В Троицын ясный и тихий день на улицах было подметено. У ворот и калиток вяли березовые ветки. Если и виднелся человек, – то сторож с дубиной или копьем у запертых на пудовые замки лавок. Вся Москва стояла обедню. Жаркий ладанный воздух плыл из низеньких дверей, убранных березками. Толпы нищих – и те разомлели в такой синий день на папертях под колокольный звон, – праздничное солнце пекло взъерошенные головы, тело под рубищами… Попахивало вином…

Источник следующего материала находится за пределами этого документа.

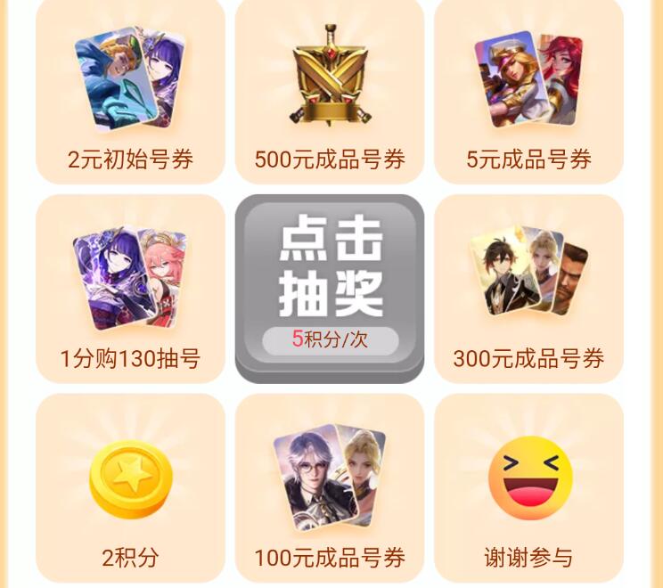 每日簽到可以獲取積分,這個積分大家可以將其當(dāng)成現(xiàn)金看待,因為在購買賬號時,積分可以直接折現(xiàn),當(dāng)然積分越多想買的賬號也就越便宜。此外,平臺經(jīng)常推出限時抽獎、活動、任務(wù)等,參與即可得到積分,甚至是不同額度的優(yōu)惠券。這個優(yōu)惠券的用法和積分無疑,在買號時自動生效,為用戶們進一步省錢。不得不說這個設(shè)定還是很不錯的,屬于是平臺讓利,給用戶購號的性價比大大提高。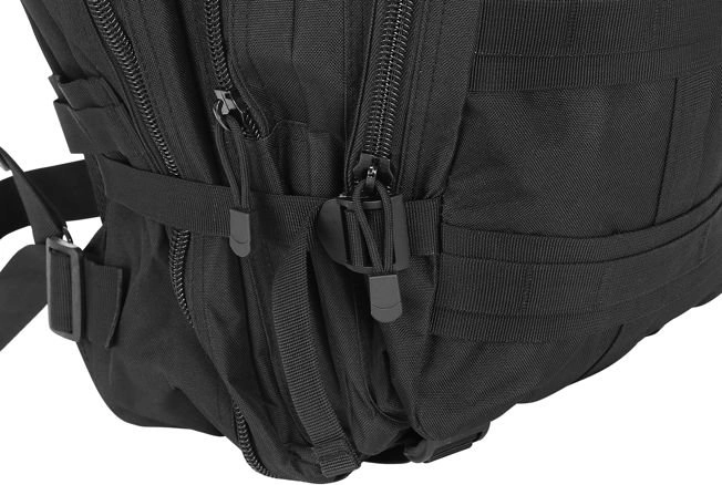 Mochila táctica negra versátil con capacidad de 38L, ideal para actividades al aire libre y uso diario. Fabricada con material resistente e impermeable, ofrece numerosos compartimentos y sistemas que aumentan la comodidad y la funcionalidad.

В тихую эту благодать ворвался треск колес – по Никольской бешено подпрыгивала по бревнам хорошая тележка на железном ходу, сытый конь несся скоком, в тележке подскакивал купчина без шапки, в запыленном синем кафтане, – выпучив глаза, хлестал коня… Все узнали Ивана Артемича Бровкина. На Красной площади он бросил раздувающего боками коня подскочившим нищим и кинулся, – горячий, медный, – в Казанский собор, где обедню стояли верхние бояре… Распихивая таких людей, до кого в мыслях дотронуться страшно, увидел коренастую парчовую спину князя-кесаря: Ромодановский стоял впереди всех на коврике перед древними царскими вратами, желтоватое и толстое лицо его утонуло в жемчужном воротнике. Протолкавшись, Бровкин махнул князю-кесарю поклон в пояс и смело взглянул в мутноватые глаза его, страшные от гневно припухших век…

– Государь, всю ночь я гнал из Сычевки, – деревенька моя под Новым Иерусалимом… Страшные вести…

– Из Сычевки? – Не понимая, Ромодановский тяжко уставился на Ивана Артемича. – Ты что – пьян, чина не знаешь? – Гнев начал раздувать ему шею, зашевелились висячие усы. Бров-кин, не страшась, присунулся к его уху:

– Четырьмя полки стрельцы на Москву идут. От Иерусалима днях в двух пути… Идут медленно, с обозами… Уж прости, государь, потревожил тебя ради такой вести…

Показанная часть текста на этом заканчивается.